EXERCISE AIM:
Starting at the first line of the listing below, repeat each line exactly until the line containing "Newly renovated and", which you include. Leave out pictures.

GIVEN INFORMATION:
|---|

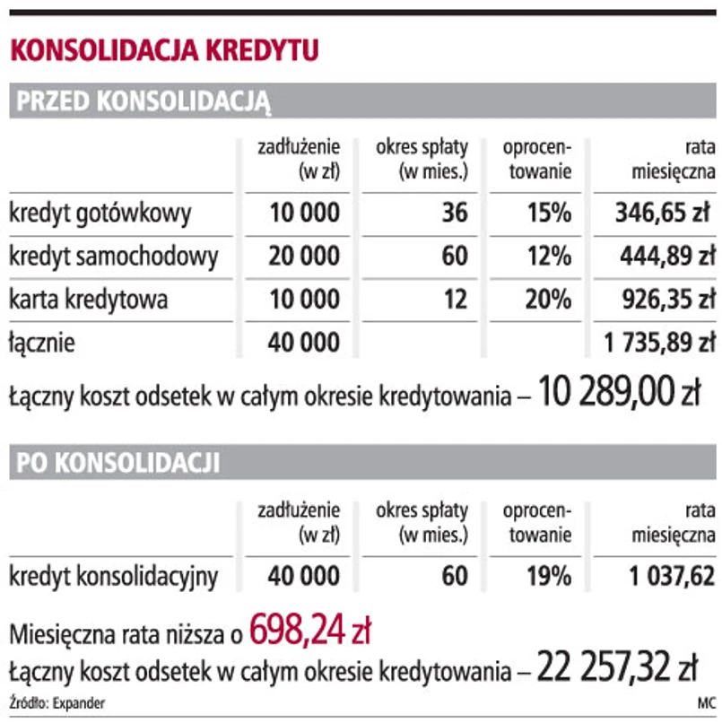 - Te problemy dotyczą najczęściej kredytów gotówkowych, ich konsolidacja bardzo rzadko się opłaca - mówi Paweł Majtkowski z Expandera.
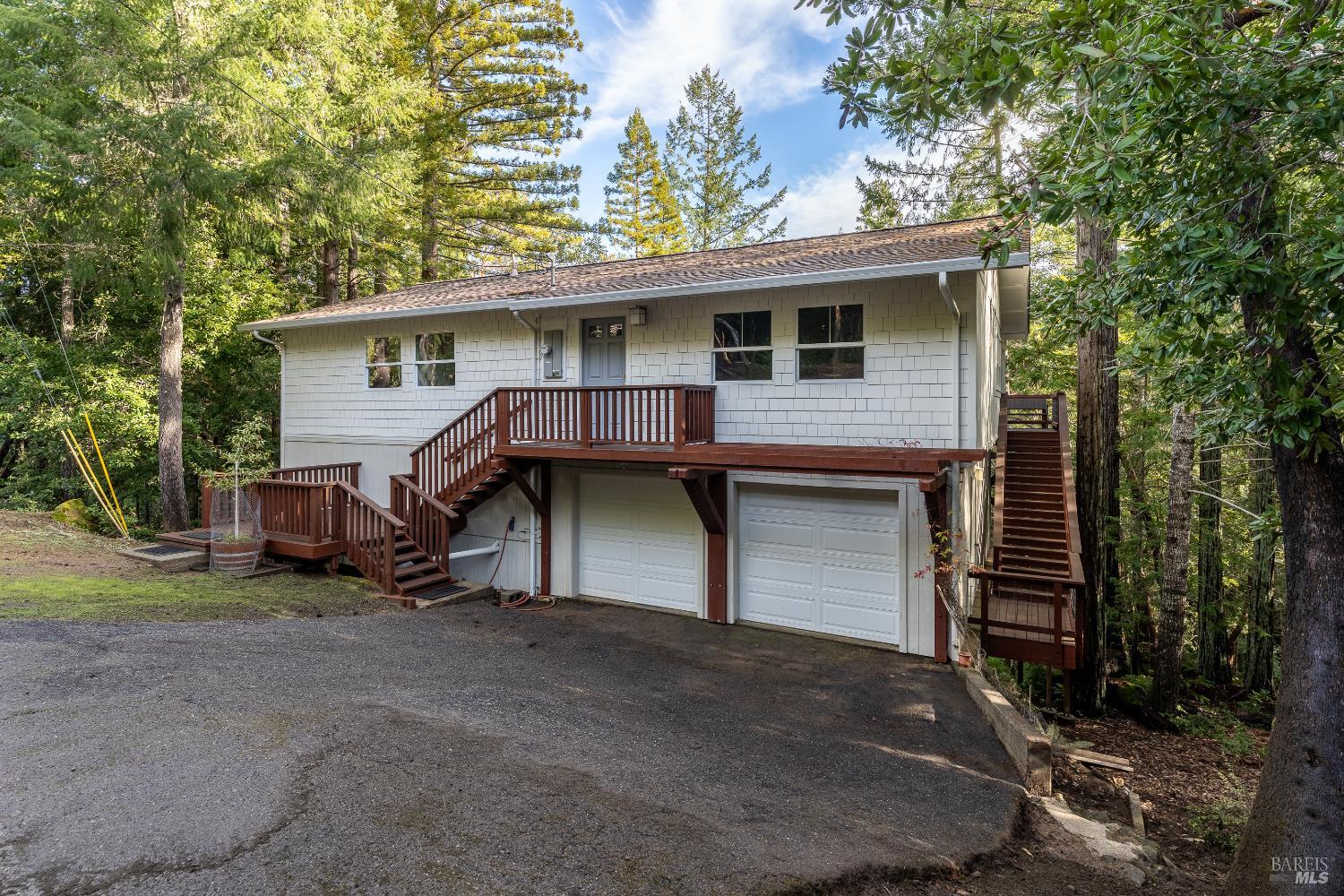 Newly renovated and move-in ready, this thoughtfully updated 3-bedroom, 2-bath home offers a rare blend of modern comfort and a truly special setting. Backing to the greenbelt and golf course, and surrounded by towering redwood and fir trees, the home feels private, peaceful, and naturally connected to its surroundings. At approximately 1,344 square feet, the layout is functional and inviting, with a spacious living room and excellent indoor-outdoor flow. Treehouse-like views can be enjoyed from the kitchen, main deck, and a private balcony, creating a daily connection to the forested landscape. Recently renovated decking with wire panels enhances both safety and the expansive views. The interior has been comprehensively refreshed with new vinyl plank flooring throughout and fresh interior paint. The updated kitchen features new countertops, a stainless steel electric range with vent hood, stainless dishwasher, and a new stainless sink with flexible sprayer, along with recessed lighting for a clean, modern feel. Both bathrooms feature custom lighting, with the primary bath offering a luxury walk-in shower and a custom vanity with a unique ceramic sink basin. Additional upgrades include custom closet organizers in all bedrooms, new ceiling fan/light fixtures in each bedroom and the dining area, central heating and air conditioning, and a roof less than 10 years old. A steel-reinforced foundation adds an extra level of stability and peace of mind. Laundry hookups are conveniently located in the hall, and the attached two-car garage provides everyday practicality. This is a rare opportunity to own a fully updated home in a setting that feels private and elevatedyet remains attainable. A perfect fit for buyers seeking a turnkey property with character, views, and long-term comfort.
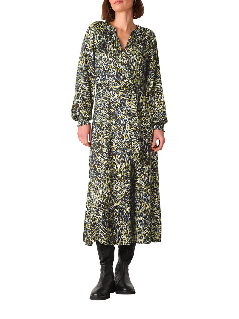 The Leopard Swirl Midi Dress in Khaki and Multi by Whistles is cut with a flowing silhouette and bold animal print. Feminine yet striking, it creates statement appeal. A dress crafted for refined occasion wear.

|---|

RESPONSE:
 - Te problemy dotyczą najczęściej kredytów gotówkowych, ich konsolidacja bardzo rzadko się opłaca - mówi Paweł Majtkowski z Expandera.
 Newly renovated and move-in ready, this thoughtfully updated 3-bedroom, 2-bath home offers a rare blend of modern comfort and a truly special setting. Backing to the greenbelt and golf course, and surrounded by towering redwood and fir trees, the home feels private, peaceful, and naturally connected to its surroundings. At approximately 1,344 square feet, the layout is functional and inviting, with a spacious living room and excellent indoor-outdoor flow. Treehouse-like views can be enjoyed from the kitchen, main deck, and a private balcony, creating a daily connection to the forested landscape. Recently renovated decking with wire panels enhances both safety and the expansive views. The interior has been comprehensively refreshed with new vinyl plank flooring throughout and fresh interior paint. The updated kitchen features new countertops, a stainless steel electric range with vent hood, stainless dishwasher, and a new stainless sink with flexible sprayer, along with recessed lighting for a clean, modern feel. Both bathrooms feature custom lighting, with the primary bath offering a luxury walk-in shower and a custom vanity with a unique ceramic sink basin. Additional upgrades include custom closet organizers in all bedrooms, new ceiling fan/light fixtures in each bedroom and the dining area, central heating and air conditioning, and a roof less than 10 years old. A steel-reinforced foundation adds an extra level of stability and peace of mind. Laundry hookups are conveniently located in the hall, and the attached two-car garage provides everyday practicality. This is a rare opportunity to own a fully updated home in a setting that feels private and elevatedyet remains attainable. A perfect fit for buyers seeking a turnkey property with character, views, and long-term comfort.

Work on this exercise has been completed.